Swift：如何使具有子类返回类型的函数符合协议，其中超类被定义为返回类型？

Question

I have a protocol, where a function is defined, the return type of a function is a SuperclassType .

In a class which conforms to the protocol I'm trying to define this function, but with a SubclassType return type.

Compiler tells me, that this class does not conform to the protocol, because obviously SubclassType != SuperclassType

protocol SomeProtocol {
  func someFunction(someParameter:SomeType) -> SuperclassType?
}

class SomeClass : SomeProtocol {
  func someFunction(someParameter:SomeType) -> SubclassType? {
    ...
  }
}

class SubclassType : SuperclassType { }

Common sense tells me, though, that SubclassType should be a suitable substitute for a SuperclassType in this matter.

What am I doing wrong?

Thanks.

Answer 1

Before you go much further, I'd recommend some background reading on covariance vs contravariance and the Liskov substitution principle .

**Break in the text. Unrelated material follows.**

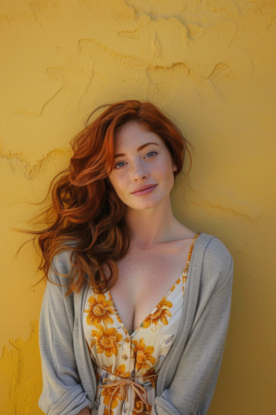This outfit radiates sunshine and charm! A floral dress with warm yellow tones and delicate straps creates a romantic, feminine vibe. The cinched waist adds definition, while a soft gray cardigan draped over the shoulders gives it a cozy, relaxed feel. The loose, tousled waves and natural makeup enhance the fresh, radiant look.

• Return types for methods overridden when subclassing are covariant : the subclass override of a method can return a subtype of the superclass method's return type.

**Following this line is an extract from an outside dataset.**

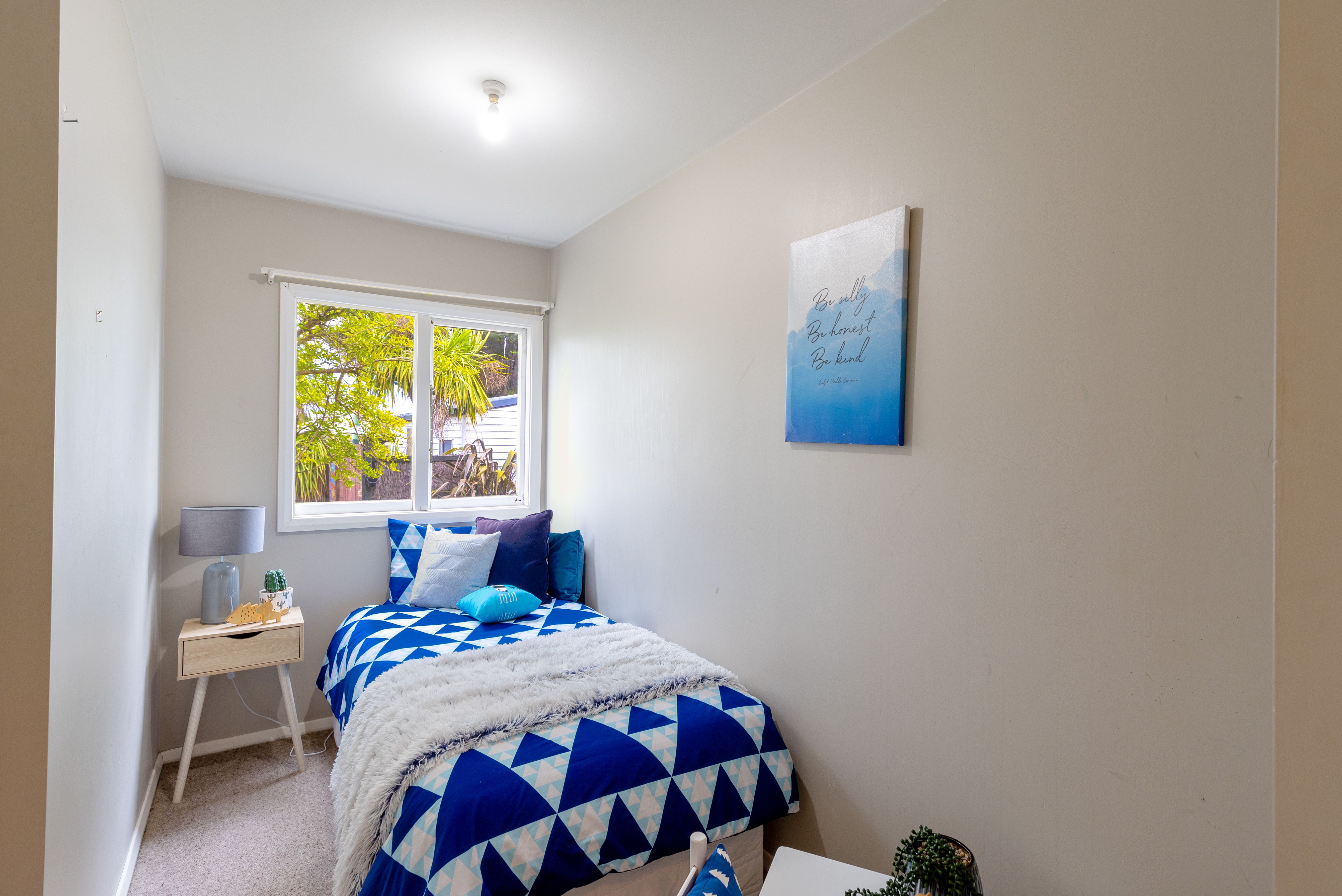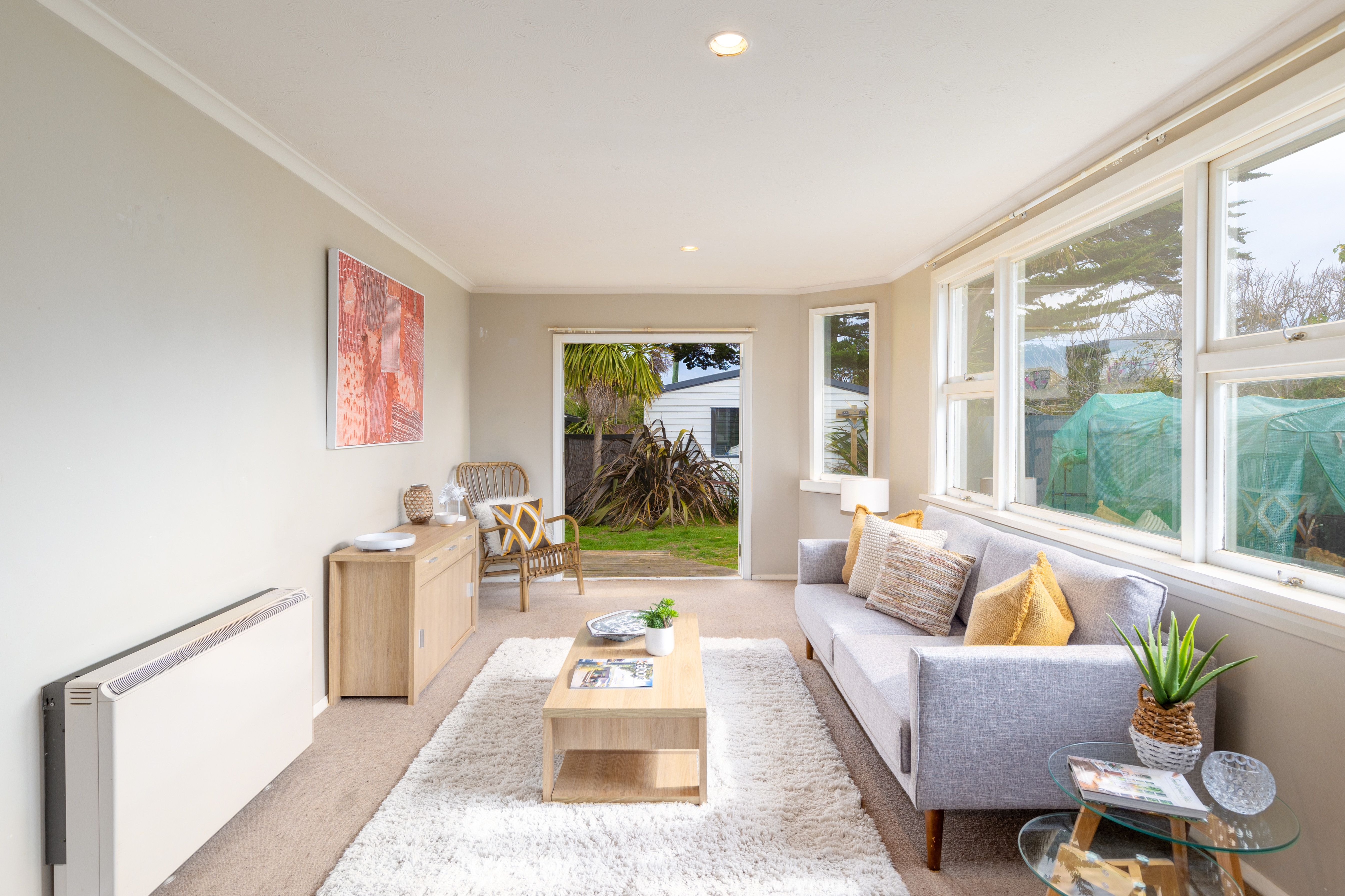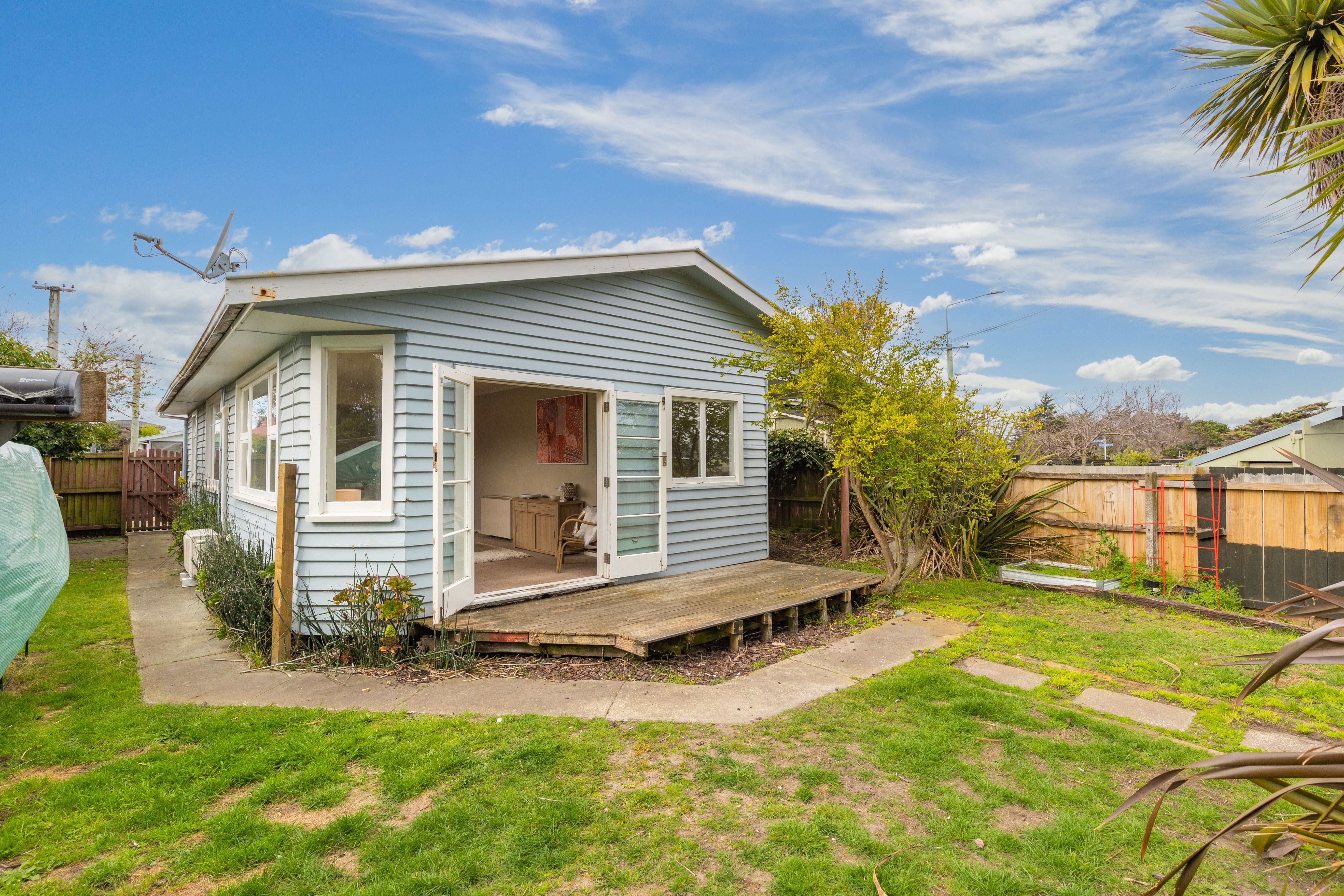 Currently two double bedrooms & one single. Open plan kitchen / dining / living with french doors to deck and yard.

• Generic type parameters are invariant : a specialization can neither narrow nor expand the type requirements.

The relationship between a protocol and a concrete type that adopts it is more like generics than like subclassing, so return types declared in protocols are invariant, too. (It's hard to say exactly why on first read. Possibly something about existential vs constraint-only protocols?)

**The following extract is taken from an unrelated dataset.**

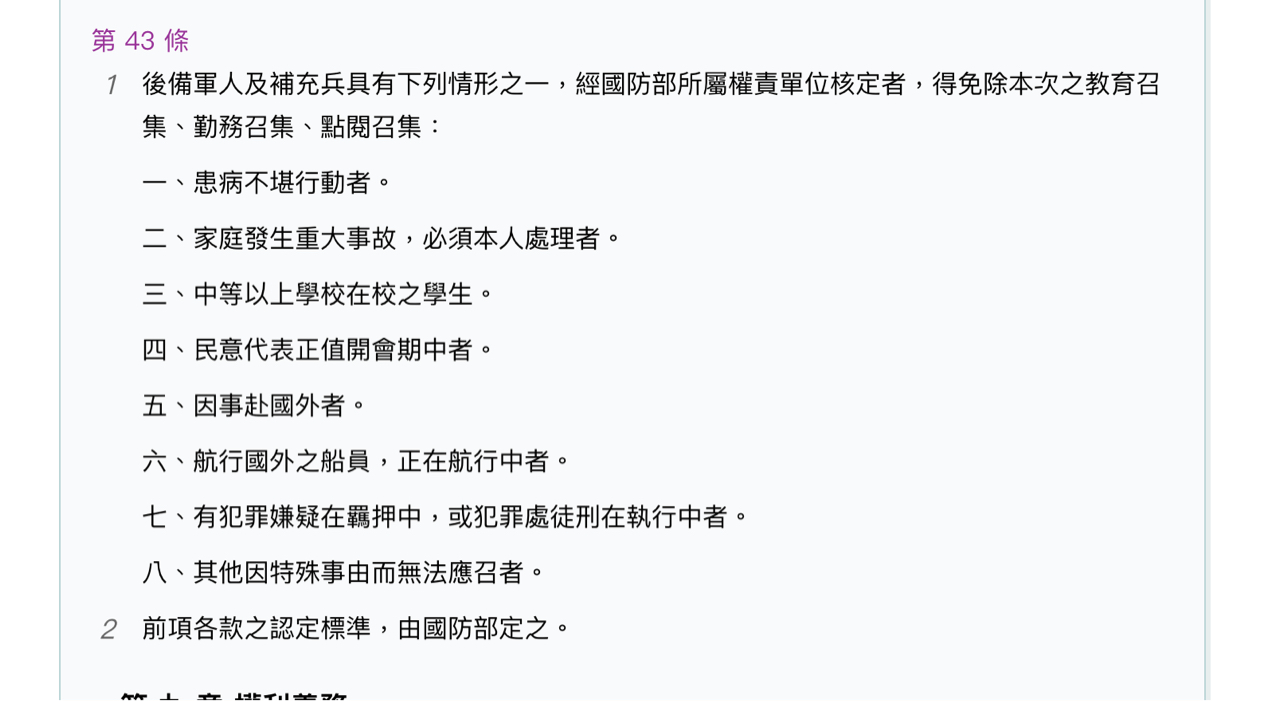 crow0801 : 動員徵召 那些情況可以免召 法律也有規定 09/06 19:24

You can allow covariance in a protocol by specifying associated type requirements, though:

protocol SomeProtocol {
    associatedtype ReturnType: SuperclassType
    func someFunction(someParameter: SomeType) -> ReturnType
}

class SomeClass : SomeProtocol {
    func someFunction(someParameter: SomeType) -> SubclassType { /*...*/ }
}

Now, it's clear that the return type of someFunction in a type adopting SomeProtocol must be either SuperclassType or a subtype thereof.